O que os estudos epidemiológicos podem nos dizer? Como são realizados? Aqui, veremos classificações, conceitos básicos e aplicações.

O ramo da medicina que trata da metodologia da pesquisa é conhecido como Epidemiologia Clínica. Sua contribuição reside na procura de respostas para as questões clínicas, assim como conduzir decisões baseadas nas melhores evidências disponíveis.  A bioestatística introduziu a análise estatística para a confirmação de achados, assim como para a avaliação de tratamentos médicos, fornecendo, assim, dados relevantes para a tomada de decisão na prática médica.

Dessa forma, a solidez de uma evidência é dependente tanto do rigor metodológico quanto do tipo de estudo planejado. Neste sentido, começaremos abordando os principais tipos de estudos epidemiológicos.

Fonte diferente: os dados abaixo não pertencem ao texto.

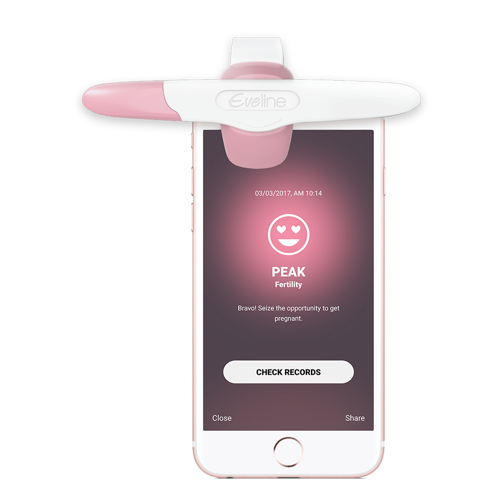 Eveline использует простое, незаметное устройство с зажимом для телефона и тестовые полоски, похожие на стандартный тест на беременность, которые есть в каждой российской аптеке. Зажим используется для того, чтобы закреплять тестовые полоски перед камерой смартфона, где соответствующее приложение может автоматически измерять уровень фертильности за счет анализа изменения цвета полосок с точностью до мельчайших деталей.

Os estudos epidemiológicos podem ser classificados em observacionais ou experimentais. Os níveis de evidência destes estudos estão hierarquizados de acordo com os seus graus de confiança que está relacionado à qualidade metodológica dos mesmos. No topo da pirâmide encontram-se as revisões sistemáticas, seguidas de ensaios clínicos controlados randomizados, estudos de coorte, estudos de caso-controle, série de casos, relato de casos e por fim, a opinião de especialistas/ estudos in vitro ou com animais.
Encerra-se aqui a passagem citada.